How micro-marketing drives sales by making you memorable

Philip S. Krone, founder and president, Productive Strategies Inc.We didn’t know there was a micro-marketing fan club out there when we wrote “How micro-marketing can deliver macro results” last month. But now we sure do. 

In case you missed it, the August column touted the value of sending one piece of communication to one person (or a relatively small group), such as an old-fashioned, signed letter dropped in a mailbox. We’ve used that technique successfully, along with similar e-mail missives, and now we know we’re not alone. 

“I can attest to the approach,” wrote Ron Deitch, CEO of The Burling Group, a retained executive search firm based in Chicago. In 2008 he wrote a letter to the chief human resources officer of MillerCoors, the beer company, which was moving its headquarters to Chicago. “Not only did I get a phone call from his office, but it began the process that has given our firm preferred vendor status for executive searches.”  

Travelocity.com founder Terrell Jones is another fan of micro-marketing. When he owned a travel agency, Jones told us in an e-mail, he picked up 50 postcards during a trip to Moscow.
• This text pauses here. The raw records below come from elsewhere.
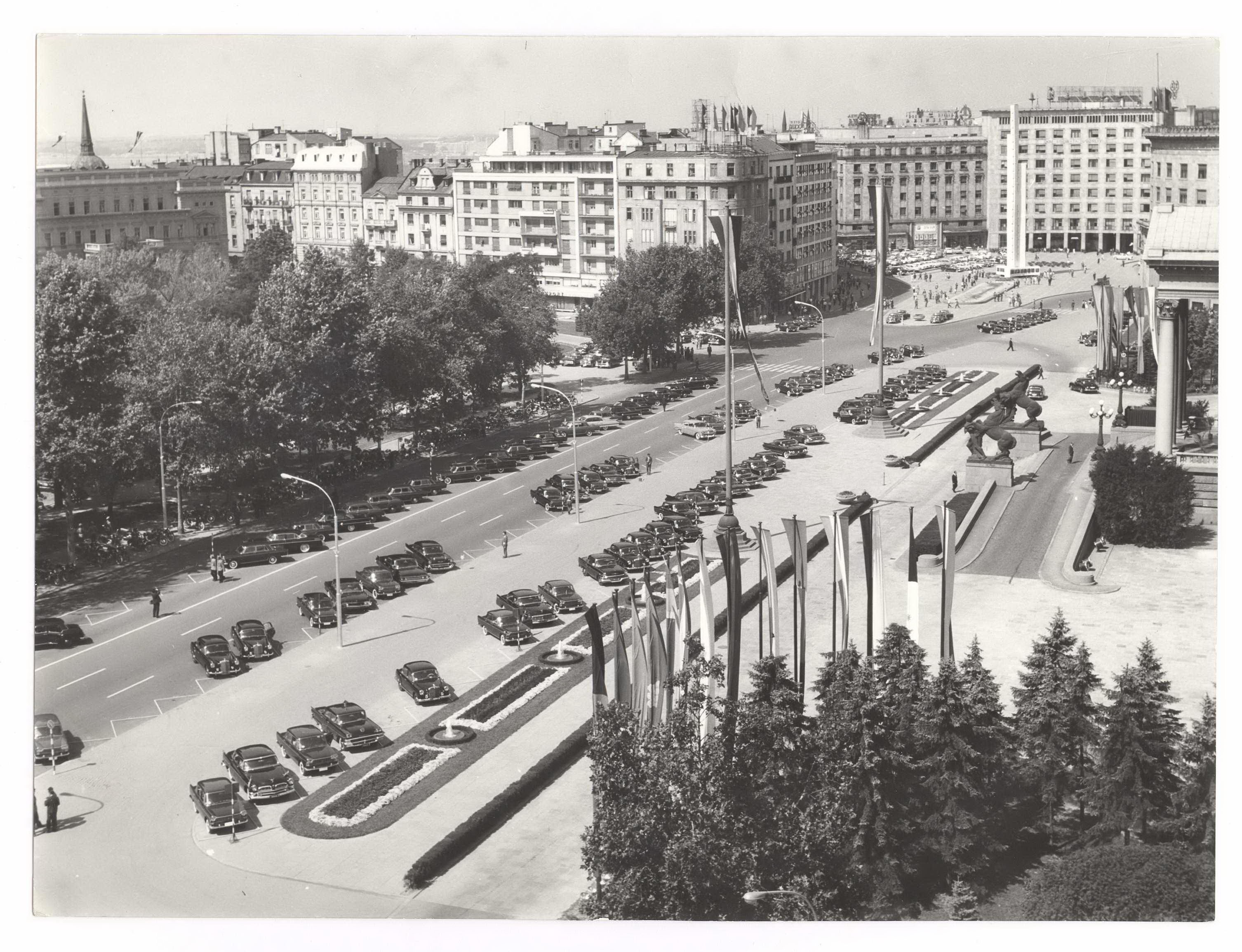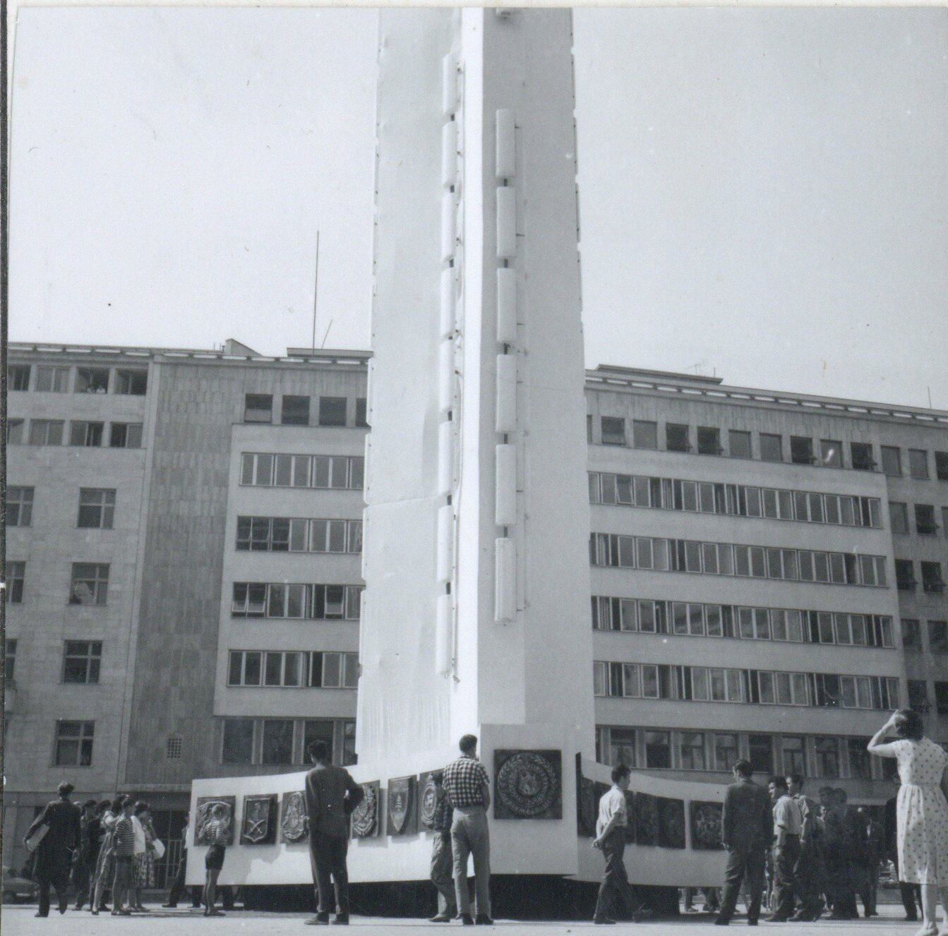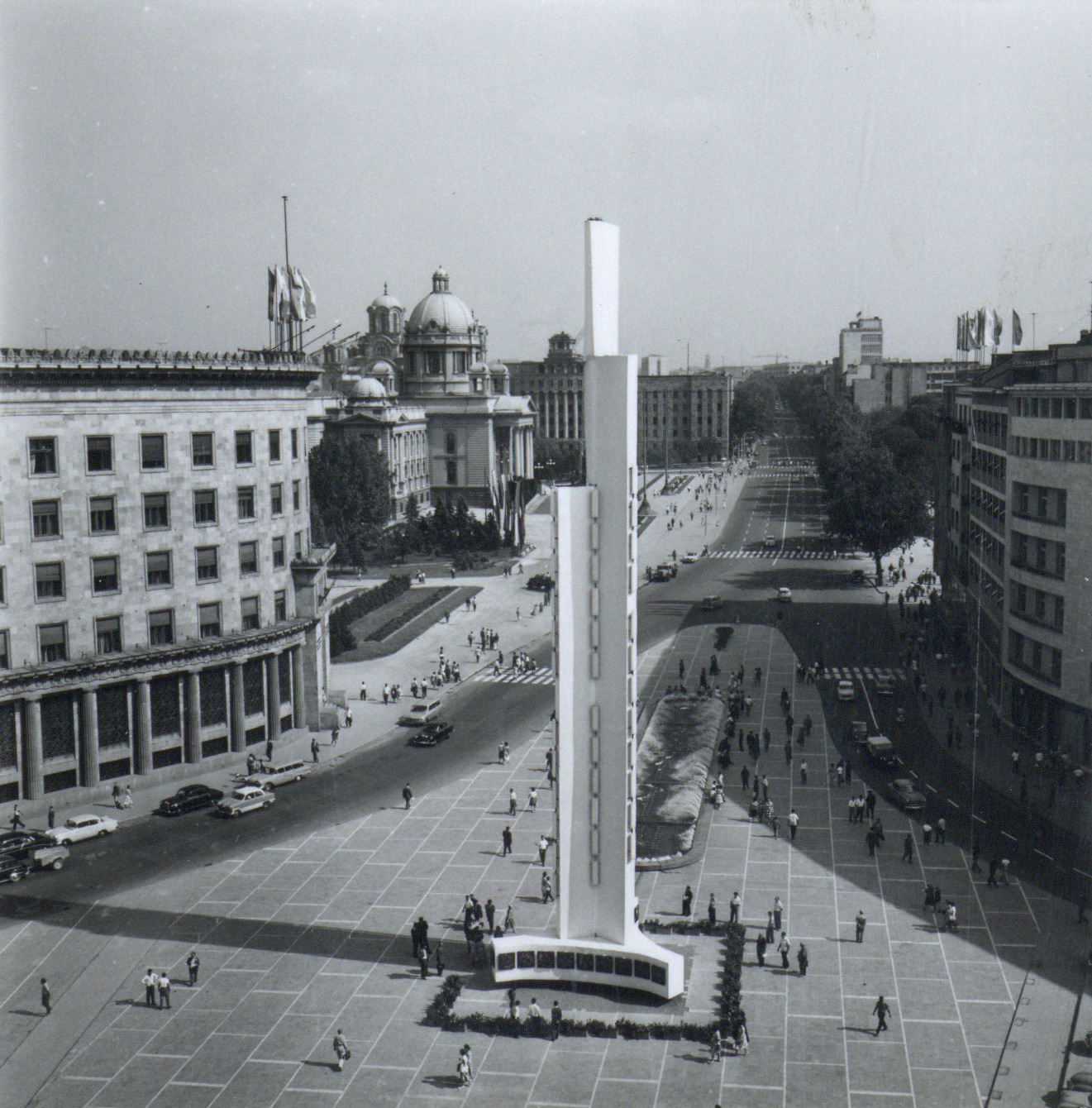 Moderan, platneni obelisk-toranj, kako se navodi u štampi 1961. godine, podignut je kao prigodan i dekorativan element. Jedan od projektanata i rukovodilaca radova bio je arhitekta Branko Bon. Bio je visok 36 metara, a po celoj dužini bila su postavljena rasvetna tela, za šta je upotrebljeno oko 450 neon-cevi. Radovi na postavljanju bili su povereni preduzeću za metalnu konstrukciju „Partizan”, građevinskom preduzeću „Napred” i preduzeću za dekoracije „Forum iz Beograda”. Pred konferenciju, par hiljada građana posmatralo je spektakl svetlećeg obeliska visokog 36 metara. Ovaj obelisk-toranj bio je postavljen na jednakoj udaljenosti od Doma sindikata, u kome je bio smešten Centar za štampu, i Narodne skupštine, u kojoj su se održavale plenarne sednice.
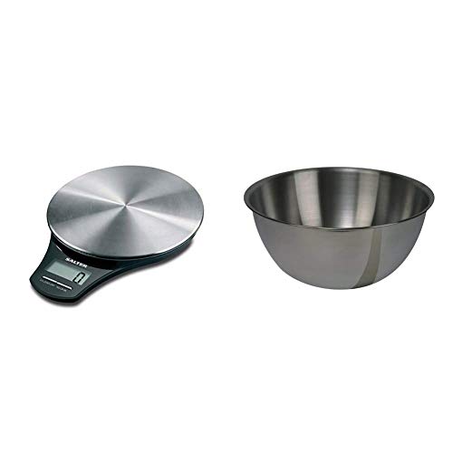 Salter Stainless Steel Digital Kitchen Weighing Scales - Electronic Cooking Scale Appliance for Home & Dexam Stainless Steel mixing bowl, 2.0 Litre
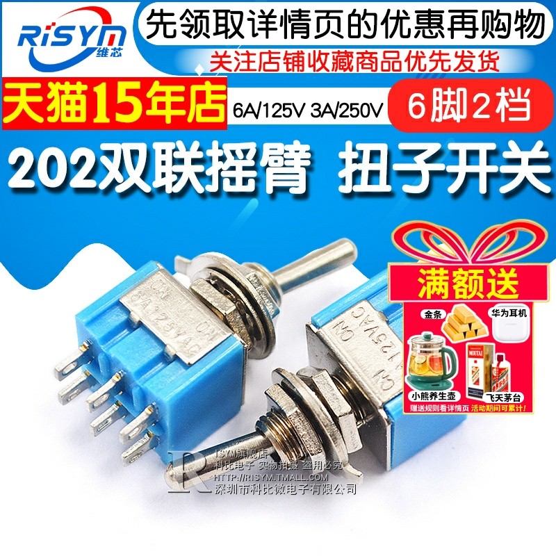 扭子开关202双联摇臂开关钮子摇头六脚二档2两档6A/125V 3A/250V

His greeting, “Hi, from the Russia travel experts,” was handwritten on the postcards, which were then mailed from Moscow to senior executives of major companies in the U.S. And there was a request, too: “We’d like to see you when we get back.” 

Guess what? “Because they were postcards and not form letters,” Jones told us, “they got by the CEOs’ secretary. We got to see many execs who appreciated our interesting slant on getting in the door.” 

(Jones is now a principal at Essential Ideas, a consultancy he co-founded to help companies succeed in a digital world, and where he no doubt employs micro-marketing from time to time.) 

Other successful micro-marketing ventures we’ve heard about employ similar principles and sometimes go beyond. Not every message can incorporate every principle, but the more the better. (For more about direct mail, visit www.productivestrategies.com/direct-mail.cfm.) Here are a few to keep in mind: 

1.     Make it personal. The message and the medium both count. Search firm CEO Ron Deitch wrote a personal letter to a senior executive he knew would need some extra, expert help in moving a corporate HQ to a new city. Deitch knew he could deliver value, and he said so. Travel postcards are personal in themselves. It would take an especially watchful gatekeeper to throw one out that was handwritten and mailed from half way around the world.